MADELEINE BRAND, host:
And let's go now to a person who makes a living figuring out how Ohioans are going to vote. He's Eric Rademacher, co-director of the University of Cincinnati's Ohio poll. And what does the race look like today in Ohio?
Mr. ERIC RADEMACHER (Co-Director, University of Cincinnati's Ohio Poll): Well, going into the debate phase of the campaign, the race in Ohio was very close with a slight edge to John McCain. But after a week of financial crisis that culminated in what appears to be an agreement and the fact that we've moved now into the debate phase of the campaign, I think it's safest for everyone looking at the race to really call this state a toss-up right now. I think a lot of new things have entered into the race since the latest polls were done.

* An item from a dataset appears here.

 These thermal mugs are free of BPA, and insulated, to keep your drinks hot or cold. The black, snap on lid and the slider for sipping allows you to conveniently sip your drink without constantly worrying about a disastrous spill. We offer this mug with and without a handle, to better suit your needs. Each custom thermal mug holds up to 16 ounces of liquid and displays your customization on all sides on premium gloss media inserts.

And I think that's suggestive that we have a very close race, but also a new race on our hands on Ohio.
BRAND: A new race, what do you mean by that?
Mr. RADEMACHER: Well, when you look at the way the campaign has rolled out so far, in the convention and post-convention phase, we saw a lot of voters who were still saying they were undecided or might change their mind how they were going to vote on Election Day. Now as we move into this debate phase, more and more voters are not only going to be watching, but they're also going to be firming up those vote decisions. And I would expect as we get into mid-October, we're going to have a much better idea just how close this race really is.

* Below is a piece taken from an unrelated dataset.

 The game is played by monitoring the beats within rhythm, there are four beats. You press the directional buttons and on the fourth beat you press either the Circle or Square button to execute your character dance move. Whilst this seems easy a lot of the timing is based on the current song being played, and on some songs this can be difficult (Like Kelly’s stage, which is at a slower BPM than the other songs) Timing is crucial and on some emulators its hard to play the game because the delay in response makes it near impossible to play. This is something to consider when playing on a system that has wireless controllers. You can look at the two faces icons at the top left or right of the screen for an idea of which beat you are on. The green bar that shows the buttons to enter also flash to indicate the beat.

BRAND: How many undecideds are there in Ohio?
Mr. RADEMACHER: Well, it's about four, five, six percent. But we also asked questions about whether or not people would change their minds. You can add an additional about 20 percent of voters who are picking a candidate in the month of September, but are still saying they might change their mind how they're going to vote. When you add those two numbers together, you get almost to a quarter of the electorate in Ohio that could change its mind between now and Election Day.
BRAND: And the number one issue, as it is in many places in the country, the economy?
Mr. RADEMACHER: The economy is the number one issue. And one of the things that makes it very difficult for a candidate to campaign in Ohio is that when they come to Ohio to talk about the economy, they can't just talk about a single aspect. When you talk to folks in the northern part of the state, northeast Ohio which includes Cleveland, and northwest Ohio which includes Toledo, when you're talking about the economy there, oftentimes the discussion is about trade.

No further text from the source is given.